Taql B1/B2 and-629A/C cholesteryl ester transfer protein (CETP) gene polymorphisms and their association with CETP activity and high-density lipoprotein cholesterol levels in a Tehranian population. Part of the Tehran Lipid and Glucose Study ( TLGS)

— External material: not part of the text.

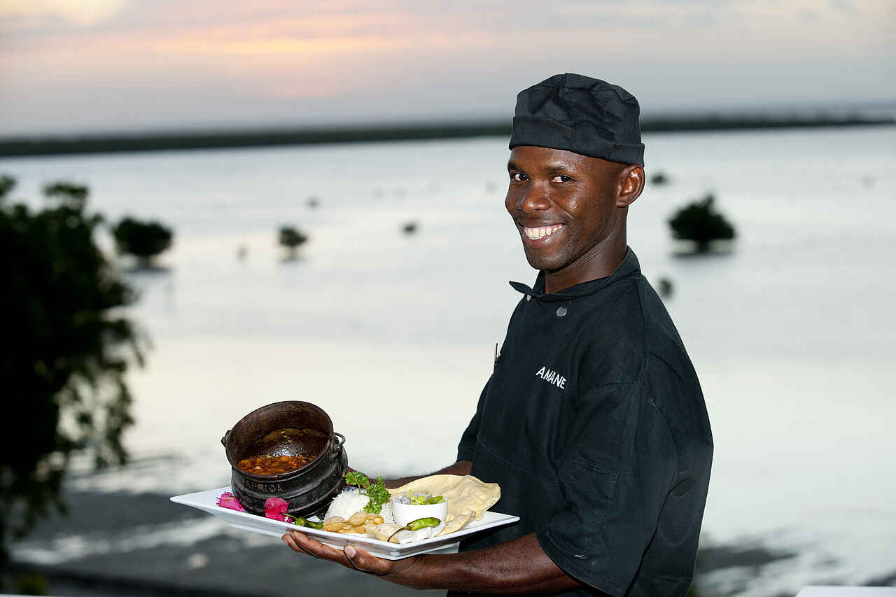 Vollpension mit internationalen und typischen Gerichten aus Mosambik. Gespeist wird entweder privat auf der eigenen Veranda, in der Privatsphäre entlegener Orte der Natur wie der Sandbank oder der alten Festung oder in den Speisebereichen der Lodge. Das Dinner wird auf der Dachterrasse der Bela Vista Lounge serviert. Berühmt ist die Ibo Island Lodge für seine hervorragenden Krabbengerichte. Dazu gibt es exzellente importierte Weine. Auf spezielle Wünsche und Unverträglichkeiten wird gerne eingegangen.

We examined the cholesteryl ester transfer protein (CETP) gene Taql intron 1 B1/B2 polymorphism and the -629A/C CETP promoter polymorphism in respect to high-density lipoprotein cholesterol (HDL-C) in a healthy Iranian population taken from the Tehran Lipid and Glucose Study (TLGS). The relationship between CETP activity and HDL-C level was also determined along with body mass index, blood pressure and tobacco smoking status. PCR-RFLP used to amplify a segment of the CETP intron 1 Taql (B2/B1) polymorphism from 1021 individuals and we selected 345 individuals from the lowest, middle and highest HDL-C deciles and investigated the -629A/C polymorphism. We also evaluated the CETP activity of 103 of these individuals, each with at least one homozygous allele. The presence of the Taql B2 and -629A/C A alleles were significantly associated with increased HDL-C levels (B2B2 = 1.19 +/- 0.31 mmolL(-1) vs. B1B1 = 1.01 +/- 0.2 mmol L-1 for p < 0.001; AA = 1.15 +/- 0.41 mmol L-1 vs. CC = 0.95 +/- 0.28 mmol L-1 for p < 0.001) and decreased the CETP activity (B1B1 = 67.8 +/- 8.9 pmol L-1 vs. B2B2 = 62.6 +/- 9.6 pmol L-1 for p < 0.01; CC = 68.6 +/- 8.4 pmol L-1 vs. AA = 62.7 +/- 9.7 pmol L-1 for p < 0.002). The frequencies were 0.382 for the Taql B2 allele and 0.462 for the -629A/C A allele, with linkage disequilibrium analysis giving D = 0.0965 and D' = 0.4695. We demonstrated that the Taql B1 and B2 alleles and the -629A/C A and C alleles were in linkage disequilibrium in our population and that there was a significant association between the B2 and A alleles and high HDL-C levels and low CETP activity. Linkage disequilibrium between the Taql A and B2 alleles also detected.